Song Lan, Xu Zhaojun, Zhang Caiping, Qiao Xinhui, Huang Chunling
Laboratory of Shock, Department of Pathophysiology, Xiangya School of Medicine, Central South University, 110 Xiangya Road, Changsha, Hunan 410078, People's Republic of China.
Biochem Biophys Res Commun. 2009 Aug 14;386(1):30-4. doi: 10.1016/j.bbrc.2009.05.120. Epub 2009 May 30.
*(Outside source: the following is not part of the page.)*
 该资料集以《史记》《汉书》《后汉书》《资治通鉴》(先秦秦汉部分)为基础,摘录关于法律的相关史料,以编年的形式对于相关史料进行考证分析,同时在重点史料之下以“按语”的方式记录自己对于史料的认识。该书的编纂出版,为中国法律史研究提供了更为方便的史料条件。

Forkhead box protein A1 (Foxa1) is an evolutionarily conserved winged helix transcription factor. In this study, the effect of Foxa1 on the expression of HSP72 was examined by RT-PCR and Western blot in Foxa1 overexpression or deficient cells. The results showed overexpression of Foxa1 promoted the expression of HSP72, while Foxa1 depletion, induced by antisense oligonucleotides, decreased the expression of HSP72 in MCF-7 cells under normal and heat stress condition. Electrophoretic mobility shift assay and chromatin immunoprecipitation revealed that Foxa1 bound to HSP72 promoter, and heat stress promoted its DNA binding activity. Luciferase reporter showed that Foxa1 also increased the transcription activity of HSP72 promoter. These results indicate an important role for Foxa1 as a novel regulator of expression of HSP72.
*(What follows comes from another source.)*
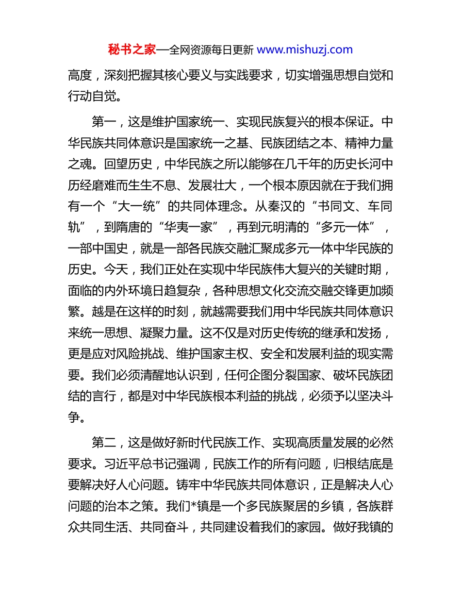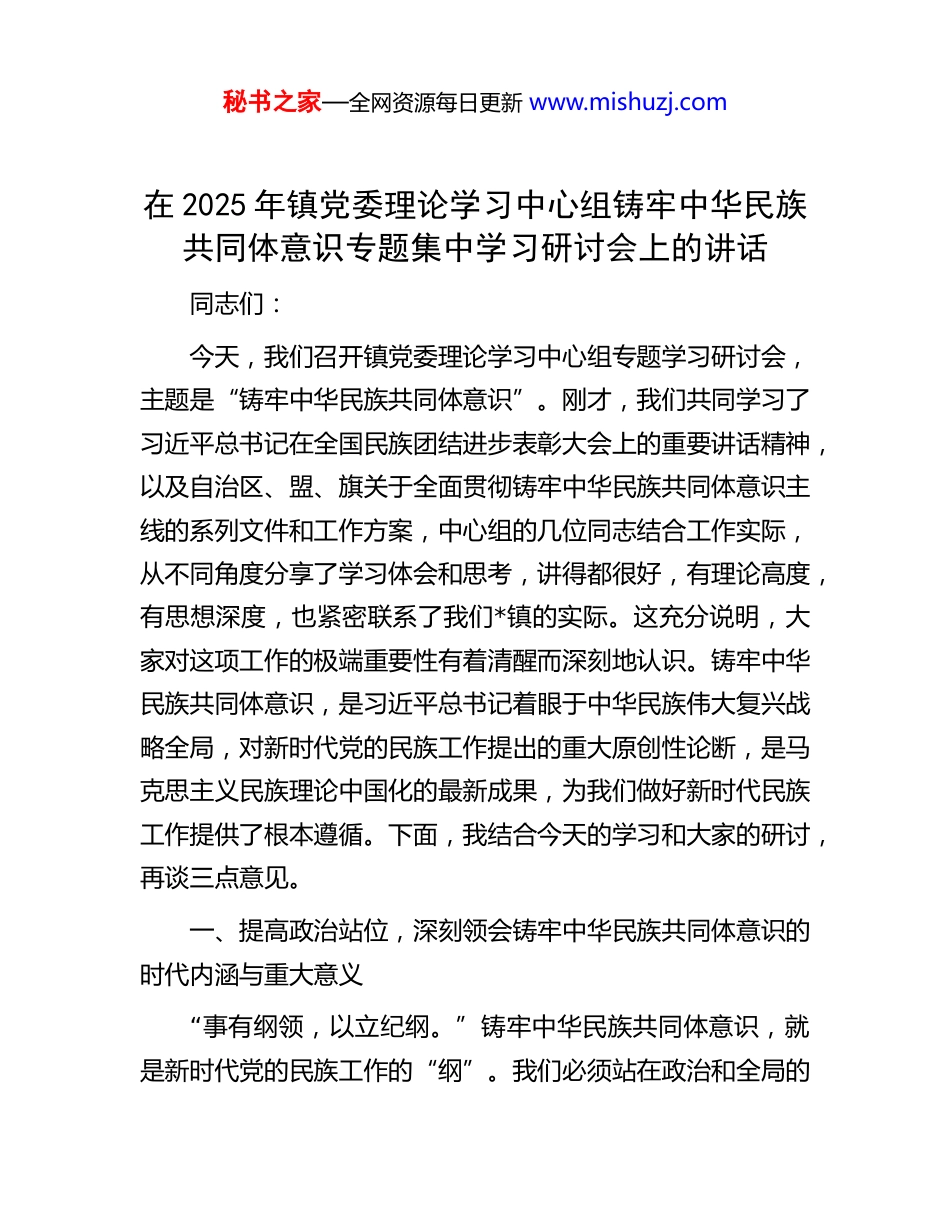 秘书之家—全网资源每日更新 www.mishuzj.com在 2025 年镇党委理论学习中心组铸牢中华民族共同体意识专题集中学习研讨会上的讲话同志们:今天,我们召开镇党委理论学习中心组专题学习研讨会,主题是“铸牢中华民族共同体意识”。刚才,我们共同学习了习近平总书记在全国民族团结进步表彰大会上的重要讲话精神,以及自治区、盟、旗关于全面贯彻铸牢中华民族共同体意识主线的系列文件和工作方案,中心组的几位同志结合工作实际,从不同角度分享了学习体会和思考,讲得都很好,有理论高度,有思想深度,也紧密联系了我们*镇的实际。这充分说明,大家对这项工作的极端重要性有着清醒而深刻地认识。铸牢中华民族共同体意识,是习近平总书记着眼于中华民族伟大复兴战略全局,对新时代党的民族工作提出的重大原创性论断,是马克思主义民族理论中国化的最新成果,为我们做好新时代民族工作提供了根本遵循。下面,我结合今天的学习和大家的研讨,再谈三点意见。一、提高政治站位,深刻领会铸牢中华民族共同体意识的时代内涵与重大意义“事有纲领,以立纪纲。”铸牢中华民族共同体意识,就是新时代党的民族工作的“纲”。我们必须站在政治和全局的秘书之家—全网资源每日更新 www.mishuzj.com高度,深刻把握其核心要义与实践要求,切实增强思想自觉和行动自觉。第一,这是维护国家统一、实现民族复兴的根本保证。中华民族共同体意识是国家统一之基、民族团结之本、精神力量之魂。回望历史,中华民族之所以能够在几千年的历史长河中历经磨难而生生不息、发展壮大,一个根本原因就在于我们拥有一个“大一统”的共同体理念。从秦汉的“书同文、车同轨”,到隋唐的“华夷一家”,再到元明清的“多元一体”,一部中国史,就是一部各民族交融汇聚成多元一体中华民族的历史。今天,我们正处在实现中华民族伟大复兴的关键时期,面临的内外环境日趋复杂,各种思想文化交流交融交锋更加频繁。越是在这样的时刻,就越需要我们用中华民族共同体意识来统一思想、凝聚力量。这不仅是对历史传统的继承和发扬,更是应对风险挑战、维护国家主权、安全和发展利益的现实需要。我们必须清醒地认识到,任何企图分裂国家、破坏民族团结的言行,都是对中华民族根本利益的挑战,必须予以坚决斗争。第二,这是做好新时代民族工作、实现高质量发展的必然要求。习近平总书记强调,民族工作的所有问题,归根结底是要解决好人心问题。铸牢中华民族共同体意识,正是解决人心问题的治本之策。我们*镇是一个多民族聚居的乡镇,各族群众共同生活、共同奋斗,共同建设着我们的家园。做好我镇的秘书之家—全网资源每日更新 www.mishuzj.com民族工作,前提就是要让“三个离不开”“五个认同”的思想深深植根于每一个干部群众的心中。只有各族人民心往一处想、劲往一处使,才能形成推动经济社会发展的强大合力。当前,我镇正处于巩固拓展脱贫攻坚成果、全面推进乡村振兴的关键阶段,无论是发展庭院经济、改善人居环境,还是提升社会治理水平,都离不开各族群众的共同参与和团结奋斗。将铸牢中华民族共同体意识这条主线贯穿于全镇经济社会发展的各领域、全过程,才能确保我们的发展成果惠及每一位群众,才能不断提升各族群众的获得感、幸福感、安全感。第三,这是加强党的全面领导、巩固执政根基的战略举措我们党自成立之日起,就始终把解决民族问题、做好民族工作作为关系党和人民事业发展全局的大事。党的领导是民族工作取得胜利的根本保证。在新征程上,坚持和加强党对民族工作的全面领导,最核心、最关键的就是要以铸牢中华民族共同体意识为主线,不断巩固和发展平等团结互助和谐的社会主义民族关系。这项工作做得好不好,直接关系到党在民族地区的执政基础是否牢固,关系到边疆地区的繁荣稳定。我们作为基层党委,是党联系服务各族群众的“最后一公里”,肩负着把党中央的决策部署不折不扣落到实处的重大政治责任。我们必须把这项工作紧紧抓在手上,将其作为检验我们政治判断力、政治领悟力、政治执行力的重要标尺。秘书之家—全网资源每日更新 www.mishuzj.com二、总结实践成效,清醒认识当前工作中存在的短板与不足近年...

叉头框蛋白A1(Foxa1)是一种进化上保守的翼状螺旋转录因子。在本研究中,通过RT-PCR和蛋白质免疫印迹法检测了Foxa1在过表达或缺失的细胞中对HSP72表达的影响。结果显示,Foxa1的过表达促进了HSP72的表达,而反义寡核苷酸诱导的Foxa1缺失则降低了MCF-7细胞在正常和热应激条件下HSP72的表达。电泳迁移率变动分析和染色质免疫沉淀显示,Foxa1与HSP72启动子结合,热应激促进其DNA结合活性。荧光素酶报告基因显示,Foxa1还增加了HSP72启动子的转录活性。这些结果表明,Foxa1作为HSP72表达的新型调节因子具有重要作用。